Монтескье уделяет большое внимание происхождению религии. Как и все буржуазные просветители, он утверждал, что религия возникает в конечном счете под влиянием деятельности законодателей и непосредственно зависит от того или иного политического устройства. Католическая религия, уверял Монтескье, больше всего согласуется с монархическим образом правления, а протестантская — с республиканским. Что касается мусульманства, то он видел в нем прямое следствие деспотии. Отсюда Монтескье делал вывод: церковь не имеет права претендовать на светскую власть. Все религии допустимы, если они не противоречат государственным законам, не мешают гражданам выполнять свой общественный долг. Каждый человек вправе верить в бога на свой манер, вправе отрицать любые религиозные догмы, и государственная власть не должна наказывать людей за их мировоззрение. Монтескье выступает в этом вопросе как идейный предшественник французской буржуазной революции, как просветитель, требующий свободы совести. В книге двадцать пятой в главе «О веротерпимости» и других Монтескье разъясняет, что он приходит к требованию свободы совести не в качестве богослова, а в качестве политика. Не желая окончательно порывать с католицизмом, он готов даже признать принципиальный приоритет за последним. Но вместе с тем Монтескье остается верен положению, что, даже если католическая религия — «истинная религия», ее не следует утверждать огнем и мечом.
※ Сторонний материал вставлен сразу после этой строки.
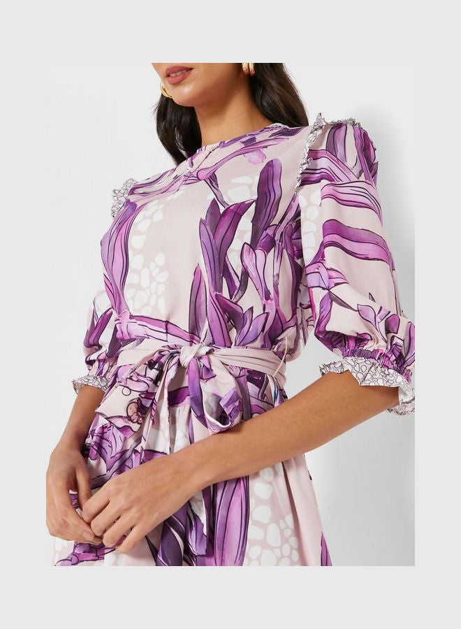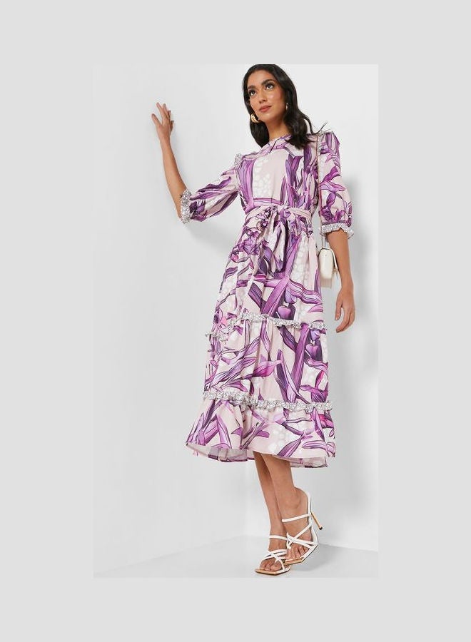 | nameOriginal | Belted Printed Ruffle Detail Dress Multicolor |

Насильственное обращение в ту или иную веру и угрозы в конечном счете приносят только вред и никого ни в чем не убеждают. В «Персидских письмах» он пишет, что в результате преследований, которым фанатичные персидские магометане подвергали огнепоклонников, люди стали массами оставлять Персию и страна лишилась трудолюбивейших земледельцев. Религиозный фанатизм нанес, таким образом, огромный ущерб стране. Монтескье сообщает, что некоторые из министров персидского шаха хотели заставить всех персидских армян или принять магометанство, или покинуть Персию. Если бы это варварское требование было утверждено законом, то, по мнению автора «Персидских писем», настал бы конец персидского величия.
Огромный ущерб нанес людям и католический фанатизм. Он привел к изгнанию из ряда католических стран наиболее предприимчивых и трудоспособных граждан. Монтескье намекает, что сила ряда лютеранских стран заключалась в том, что они давали приют изгнанникам, спасающимся от инквизиции. Именно в этом смысле он говорит о духе независимости и свободы в этих странах.
В двадцать пятой книге «О духе законов» Монтескье гневно протестует против сожжения инквизиторами в Лиссабоне восемнадцатилетней девушки за неверие в Христа. Вы живете в такой век, обращается Монтескье к инквизиторам, когда свет просвещения и передовой философии озарил умы людей. Придерживаясь старых отвратительных предрассудков, вы доказываете свое варварство, свою невосприимчивость к просвещению и к морали. Когда инквизиция стремится навязать людям христианскую веру при помощи казней, она свидетельствует лишь о своем бессилии. Деятельность инквизиции, мужественно указывал Монтескье, покрывает позором Европу.
Просветитель решительно выступил против вмешательства церкви в вопросы семьи и брака. С одной стороны, христианство освящает брак, с другой — провозглашает безбрачие высшей добродетелью и поднимает на щит мнимых праведников в лице католических священников и монахов. В результате растет число несчастных браков, освященных церковью, уменьшается деторождение, образуется целая каста людей, строящих карьеру на безбрачии.
«Я нахожу, что их ученые, — пишет Монтескье от лица мусульманина, высказывающегося о христианах, — впадают в явное противоречие, говоря, что брак свят, а противополагаемое ему безбрачие еще святее, не говоря уже о том, что в деле предписаний и догматов хорошее всегда бывает наилучшим.
Удивительно число этих людей, делающих себе из безбрачия профессию…
Этот промысел безбрачия уничтожил больше людей, чем мировые язвы и самые кровавые войны» (13, стр. 249–250).
Монтескье утверждает, что протестантизм, отрицающий безбрачие духовенства, имеет бесконечные преимущества перед католицизмом. Монтескье не выступает подобно Вольтеру с лозунгом «Раздавите гадину!» по отношению к господствовавшей во Франции католической церкви, однако не менее основательно аргументирует историческую неизбежность краха Ватикана. Как истинный просветитель он критикует все виды религиозных суеверий; Монтескье отнюдь не в восторге и от протестантской религии. Он признает, что протестанты успешно ведут торговлю, развивают ремесло, но их догматика находится в не меньшем противоречии с интересами науки и просвещения, чем католическая.